Мы приближались к Парижу. На Сен-Сирском спуске я был поражен шириной дорог и ухоженностью посадок. Вскоре мы доехали до Версаля: оранжерея с ее мраморными лестницами восхитила меня. Военные успехи в Америке вернули замкам Людовика XIV былую славу; воцарившаяся здесь королева * блистала молодостью и красотой; трон, столь близкий к падению, казался прочным, как никогда. И мне, безвестному путнику, суждено было уцелеть, чтобы увидеть леса Трианона такими же пустынными, как те, среди которых я вырос.

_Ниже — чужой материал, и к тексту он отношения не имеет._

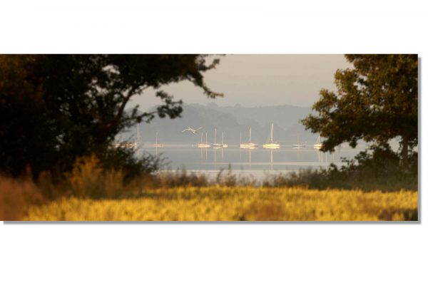 Bojenfeld und kleiner Yachthafen in Rieseby an der Schlei.
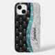 Pretty chic and elegant girly faux silver teal turquoise aqua glitter and rhinestones bling with black tuffted design to create a special unique stylish case to protect your device. Beautiful, modern and cool cover for the trend-savvy and art-loving hip trendsetter. This stylish sophisticated design would be great for girls who enjoy wearing classy sparkly designs. Show off your personal style, look fashionable, trendy and feel stylish with a unique design on a mobile device accessory or customize it over another product of your choice.
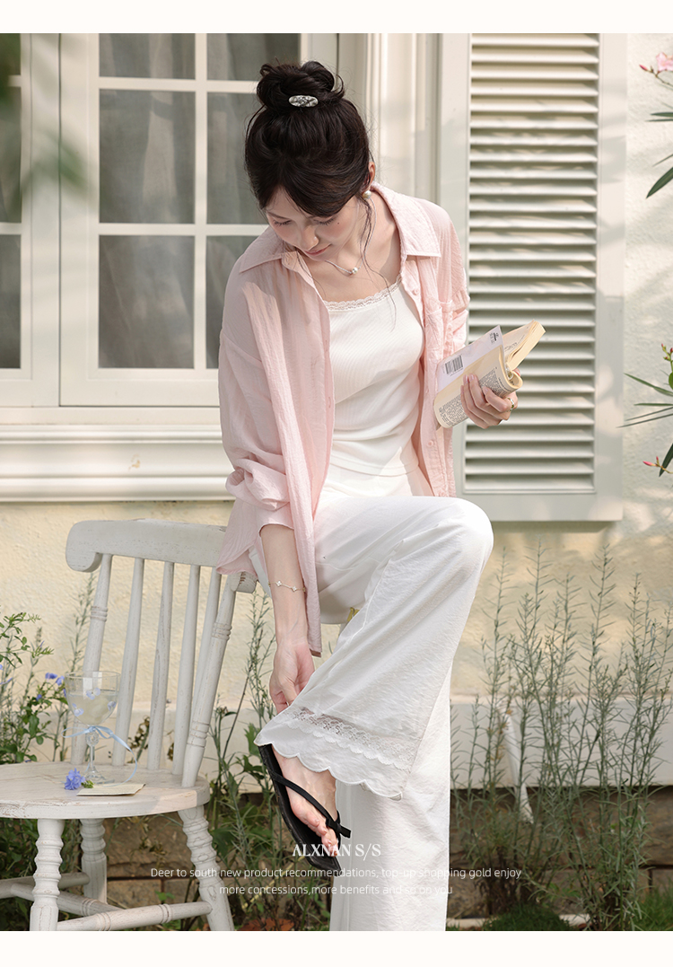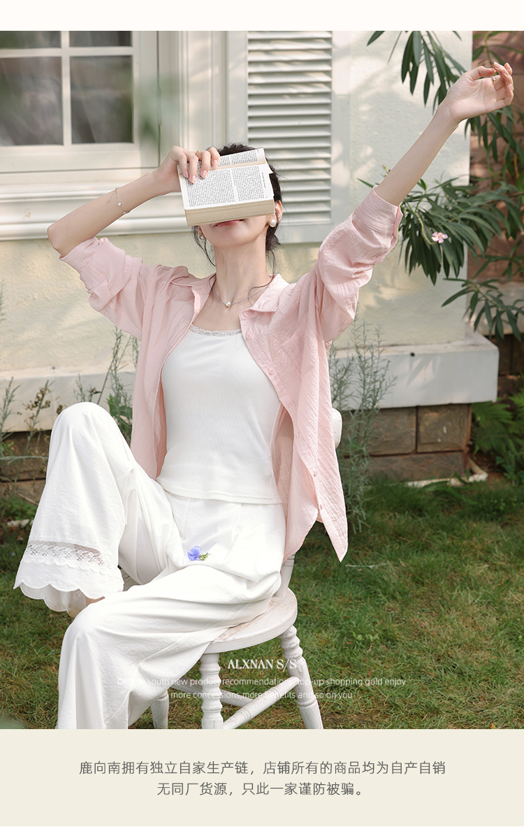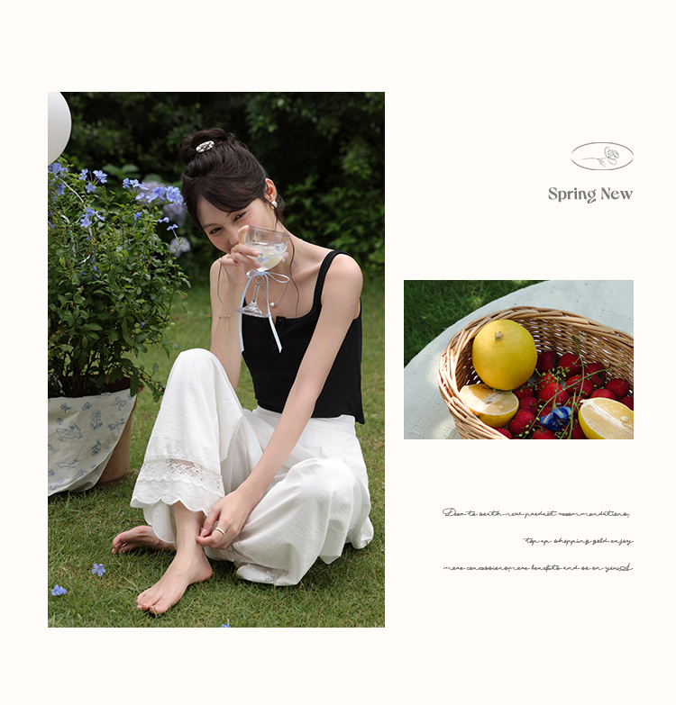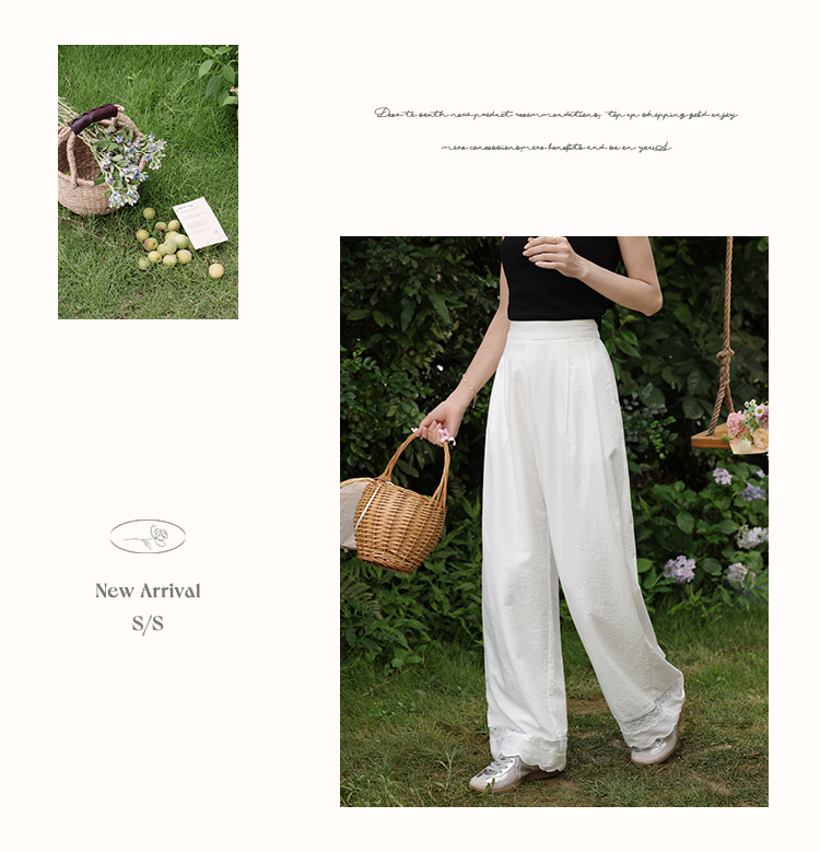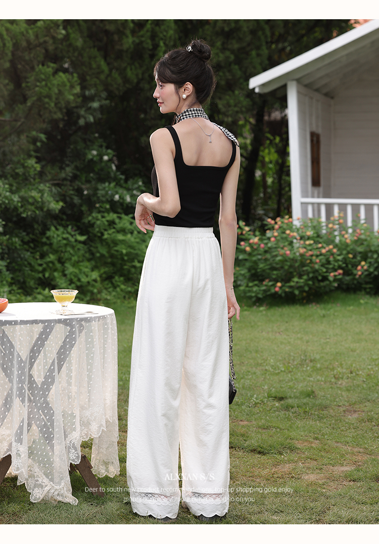 鹿向南「白调清风」气质杏白色直筒花边休闲裤女夏季薄款百搭长裤

Наконец мы въехали в Париж. Все лица казались мне глумливыми: как перигорский дворянин, я полагал, что на меня смотрят, чтобы посмеяться надо мной*. Г‑жа Роза отправилась на улицу Май, в Европейскую гостиницу, и поспешила отделаться от глупого попутчика. Не успел я выйти из кареты, как она сказала привратнику: «Этому г‑ну нужна комната». «К вашим услугам», — сухо добавила она, обращаясь ко мне, и сделала реверанс. Больше я никогда не видел г‑жу Розу.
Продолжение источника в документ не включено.